> _Required work_
An exact repetition of the data below, without images, is the expected answer.

> _Supplied information_
# # # # #

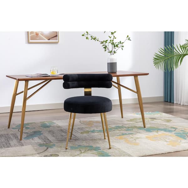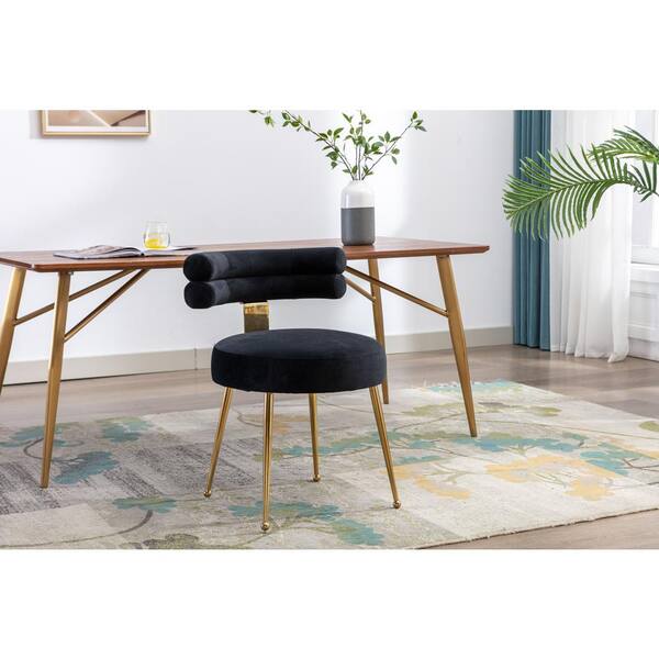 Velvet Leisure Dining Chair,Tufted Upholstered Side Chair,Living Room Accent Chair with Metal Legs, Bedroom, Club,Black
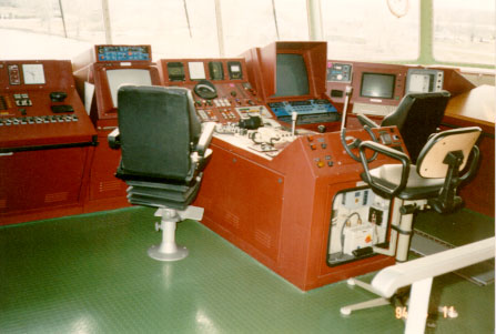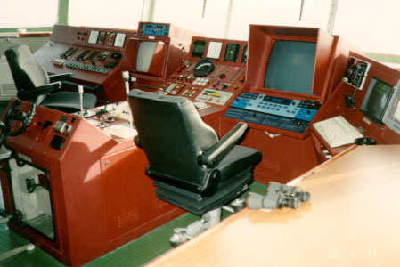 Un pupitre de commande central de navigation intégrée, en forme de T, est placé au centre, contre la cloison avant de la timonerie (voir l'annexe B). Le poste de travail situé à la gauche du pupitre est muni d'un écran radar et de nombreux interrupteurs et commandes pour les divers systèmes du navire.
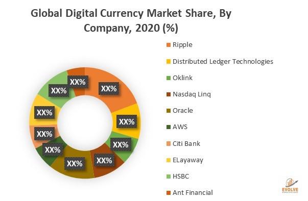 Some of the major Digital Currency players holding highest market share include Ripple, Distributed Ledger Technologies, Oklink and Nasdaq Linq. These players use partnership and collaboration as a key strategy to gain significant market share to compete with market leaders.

# # # # #

> _Answer to this task_
 Velvet Leisure Dining Chair,Tufted Upholstered Side Chair,Living Room Accent Chair with Metal Legs, Bedroom, Club,Black
 Un pupitre de commande central de navigation intégrée, en forme de T, est placé au centre, contre la cloison avant de la timonerie (voir l'annexe B). Le poste de travail situé à la gauche du pupitre est muni d'un écran radar et de nombreux interrupteurs et commandes pour les divers systèmes du navire.
 Some of the major Digital Currency players holding highest market share include Ripple, Distributed Ledger Technologies, Oklink and Nasdaq Linq. These players use partnership and collaboration as a key strategy to gain significant market share to compete with market leaders.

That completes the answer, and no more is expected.